My Grandparents- Yin and Yang.

My grandmother's tutor turned out to be her future husband. By all accounts, as tough-minded and pragmatic my grandmother was, my grandfather was the yin to her yang so to speak. He was quiet, scholarly, and apparently a little ditzy. (Ask me about my dad and hornets some time).

My grandparents married, and in another remarkable move, my grandmother continued with her teaching with my grandfather's support. It wasn't until my grandmother had her first miscarriage that she left teaching.

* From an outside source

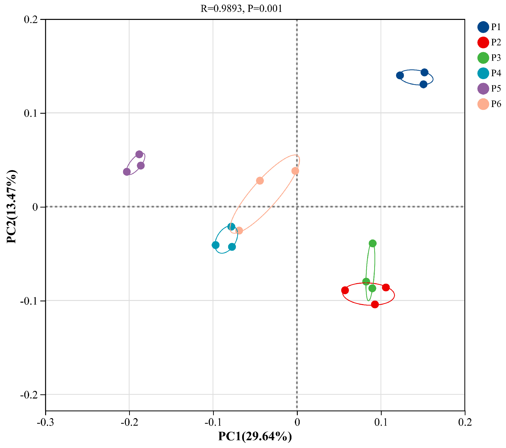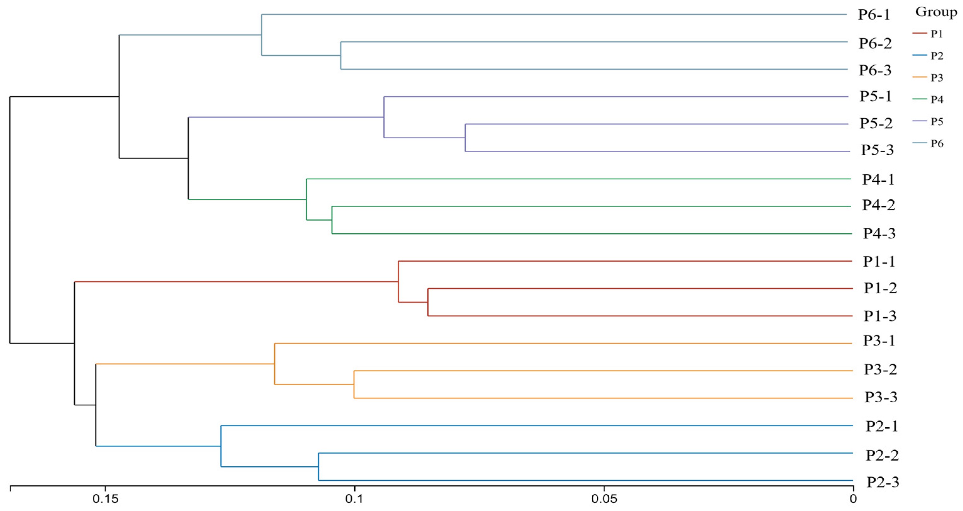| P6 | 0.86 ± 0.01 a | 2.20 ± 0.04 a | 0.76 ± 0.00 a | 2.30 ± 0.07 b | 28.23 ± 1.41 bc | 81.70 ± 1.45 b | 1106.67. ± 58.12 ab | 342.93 ± 6.16 ab |

My grandfather had joined the Kuomingtang and eventually became a military officer, a colonel in charge of supplies. This meant that the family had to leave their native village near Nanjing and move down to Xian. By this point, the family had grown to Daniel (born in 1936), Julia (born in 1938), and Samuel (born in 1941). My grandmother had to leave Samuel behind with her family for the time being as she thought traveling with such a young child would not be good for him. The picture posted in the first post above was of my grandmother, my uncle daniel and my aunt Julia. I think this was of them traveling to Xian.

While living in Xi'an, my grandmother gave birth again, this time to the youngest, Moses, otherwise known as BoBo. (little treasure). The picture here shows the entire family some time later.

The family stabilized in Xi'an for some time, even as the entire country was engulfed in both a Japanese invasion, and Civil war between the communists and KMT. (Nationalist government). My grandfather's family suffered terribly and eventually his twin brother was killed by the communists. My grandmother did retrieve Samuel, and the after the fall of the KMT in 1949, she took her children and fled to Hong Kong. My grandfather was not able to join them as he felt it would be a desertion of his post, and had to stay in Xi'an.

When my grandmother left Xi'an and China, the country of her birth, her youth, and her adult life at the time, she did not know that she would not return for more than 30 years. She also didn't know that she would never get to have any communication with her family for decades due to the delicate political problems at the time.

I have often wondered what that was like for my grandmother. She loved her children and the family so much, and I simply can't fathom what it would be like to not know or hear anything about your mother, your father, your brothers or sisters for decades. She never spoke of her sibling or her parents to me, and she rarely spoke of them to her children too. By the time my grandmother died, she was the last surviving member of her generation.